Nach dem Einsturz eines Gründerzeithauses im sächsischen Görlitz werden weiter drei Menschen vermisst. Zwei der ursprünglich fünf Vermissten seien kurz nach Mitternacht aufgetaucht, ihnen gehe es gut, teilte eine Sprecherin der Polizei mit. In der Nacht suchten Einsatzkräfte weiter auf Hochtouren nach verschütteten Menschen. Als Ursache für den Einsturz vermutete die Polizei möglicherweise eine Gasexplosion. 

Am frühen Montagabend war das Haus eingestürzt. Die Polizeisprecherin sagte weiter, es werde noch nach drei Personen gesucht, die nicht erreichbar seien. Es könne sein, dass sich diese zum Zeitpunkt des Einsturzes im Haus aufgehalten hätten. 
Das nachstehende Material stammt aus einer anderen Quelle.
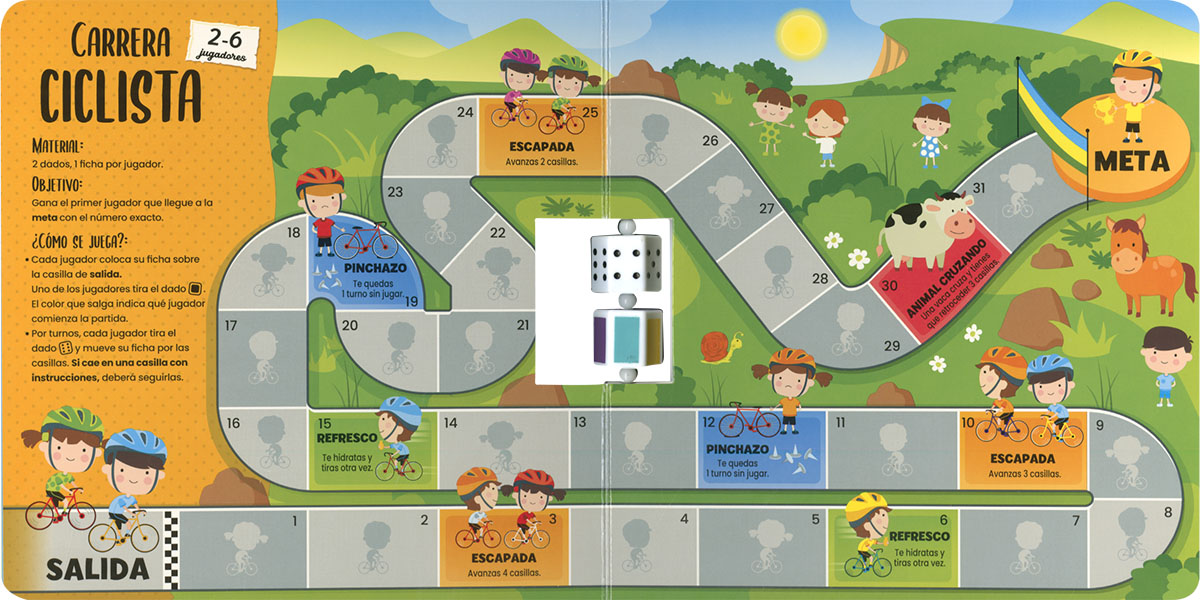 Un fantástico libro troquelado para jugar en casa, en el coche o de vacaciones, estés donde estés. Con todo lo necesario para pasártelo en grande en familia o con los amigos: cuatro tableros con juegos diferentes relacionados con los deportes, dos dados (uno de colores y otro de números) y seis fichas adhesivas reutilizables. ¡Llévatelo contigo a donde quieras!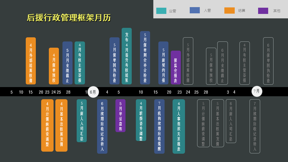 :idea: 首先梳理:你们公司的行政后援管理的行事历,并以此确定种子教官的人员名单及负责的任务安排。

Gasexplosion als mögliche Ursache für das Unglück

Die Polizei schrieb auf der Plattform X, möglicherweise habe es in dem Mehrfamilienhaus eine Gasexplosion gegeben. Bisher konnte jedoch nicht abschließend geklärt werden, warum das Gebäude einstürzte. In der Nacht sagte die Sprecherin, dass es ein Leck gebe, aus dem Gas austrete.

Aus diesem Grund müssten die Einsatzkräfte am Unfallort sehr vorsichtig vorgehen, berichtete sie. Nachdem am Abend versucht worden sei, Verschüttete mit Hilfe von Spürhunden zu finden, sei gegen 02.00 nachts begonnen worden, den Schutt vorsichtig abzutragen. 

Ein Mann, der befürchtete, seine Frau und seine Cousine könnten unter den Trümmern liegen, sagte der Deutschen Presse-Agentur, er habe beim Einkauf in einem nahen Supermarkt eine Explosion gehört. Erst am Nachmittag sei er gemeinsam mit den beiden Frauen angekommen, um in dem Haus in einer Ferienwohnung Urlaub zu machen. Als er vom Supermarkt zurückgekommen sei, habe er nur noch einen großen Haufen Schutt an der Stelle des Hauses vorgefunden. 

Unfallstelle weiträumig evakuiert

Nach dem Zusammensturz des Gebäudes in der James-von-Moltke-Straße unweit des Görlitzer Bahnhofs war die Unfallstelle zunächst weiträumig evakuiert und abgesperrt worden. Dann begann die Suche nach Toten oder Verletzten. Polizei, Feuerwehr und Katastrophenschutz waren am Unglücksort. 

In dem eingestürzten Haus befanden sich nach Angaben der Polizei Miet- und Ferienwohnungen. Nach Angaben des Ordnungsamtes handelt es sich bei dem Haus um ein Haus der Wohnungsbaugesellschaft KommWohnen, die ein Tochterunternehmen der Stadt Görlitz ist.

Görlitz ist die östlichste Stadt Deutschlands, sie liegt in der sächsischen Oberlausitz direkt an der Neiße und hat 57.000 Einwohner. Seit 1998 bildet Görlitz zusammen mit der östlich gelegenen polnischen Nachbarstadt Zgorzelec eine grenzüberschreitende Europastadt. Wegen der historischen unzerstörten Altstadtkulisse ist die Stadt auch ein gefragter Drehort für internationale Filmproduktionen.